PLGA is the polymer composed of lactide and glycolate. It is similar to PLA and could be used for therapy of Alzheimer’s disease. Stefanie and coworkers presented that the influence of alterations in the composition of the PLGA nanoparticles could influence the antitumor effects of adriamycin (DOX) in the rat glioblastoma model. This result is obtained by employing histological and immunohistochemically methods with the objective to enable a further optimization of this delivery system and a better BBB penetration [91,92].

3.4.3. Solid Lipid Nanoparticles

In addition, solid nanoparticles (SLNs) were another promising CNS drug-delivery system because of excellent hydrophobicity covered with phospholipid layer. The solid nanoparticle is covered by a phospholipid layer, and the targeting ligands are induced into these nanoparticles for enhancing the penetrability of BBB by receptor-mediated transcytosis or inhibition of efflux transport. By comparing with polymer nanoparticles and liposomes, these solid nanoparticles show higher capacity for drug loading, greater stability, lower cytotoxicity, controlled release properties and relatively lower cost. SLNs may carry both lipophilic and hydrophilic drugs. A lot of substances are delivered into the brain by these SLNs, such as anticancer drugs camptothecin, docetaxel, small interfering RNA, idebenone, apomorphine and risperidone [93,94,95].
For example, Yang had assessed in vivo specific drug targeting performance of the camptothecin-loaded SLNs to prolong drug release via the oral route. Under the detection of reversed-phase, high-performance liquid chromatography with a fluorescence detector, the concentrations of camptothecin in mice was determined in reticuloendothelial cells containing organs as well as in organs containing no reticuloendothelial cells [96]. Loureiro had fabricated solid lipid nanoparticles (SLNs) functionalized with OX26, work as a possible carrier to transport the extract to target the BBB in human brain-like endothelial cells. Experiments on human brain-like endothelial cells show that the cellular uptake of the OX26 SLNs is substantially more efficient than that of normal SLNs and SLNs functionalized with an unspecific antibody. Stability studies were performed to assess the use of these SLNs as a promising future drug delivery system, and the results showed that the nanoparticles are stable for a minimum period of one month [97]. Moreover, Koziara suggested that the brain uptake of paclitaxel was significantly increased using emulsifying SLNs delivery system.

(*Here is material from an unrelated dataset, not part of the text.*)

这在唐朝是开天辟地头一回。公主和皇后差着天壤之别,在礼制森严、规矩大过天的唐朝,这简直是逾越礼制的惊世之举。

Possible mechanisms include (1) the limited access of drug to P-gp by nanoparticle entrapment; (2) modulation of BBB p-gp by the surfactant and (3) opening of the BBB in presence of nanoparticles [98].

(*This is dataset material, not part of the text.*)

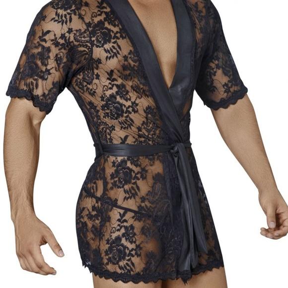 Comfort meets Sexy with this Lace Kimono! Short lace robe with satin collar and belt comes with Matching G-String.

3.4.4. Magnetic Nanoparticles

The magnetic nanoparticles (magnetite, i.e., Fe3O4) are materials that can control drug delivery via an external magnetic field, and the penetrated ability in biofilms and bacteria for these Fe3O4 nanoparticles could be further improved by functionalizing their surface with molecules or chemicals. As some in vivo experiments demonstrated, surface-functionalized Fe3O4 are used to enhance magnetic resonance imaging contrast, tissue repair ability, drug delivery performance and cell separation efficacy. After injecting Fe3O4 surrounding a biofilm, an external magnet field is used to draw the nanoparticles into the biofilm to disrupt bacteria functions. Recently, many studies also demonstrate that the antibiotics coated magnetic particles are prepared as an alternative method for drug delivery. Albeit such approach is still relying on the antibiotics, the antibacterial activity of these composited nanoparticles is still improved increasingly [99]. Additionally, Kong et al. had successfully created MNPs with the size of 100 nm, which provided improved BBB crossing. With combined fluorophore, the position of MNPs could be directly tracked in the brain parenchyma of normal mice, which also allow cellular-level by confocal microscopy. The magnetic nanoparticles could target for extravasation and assembly by apply magnetic field which could be used for crossing BBB drug delivery to treatment of various CNS diseases [100,101,102].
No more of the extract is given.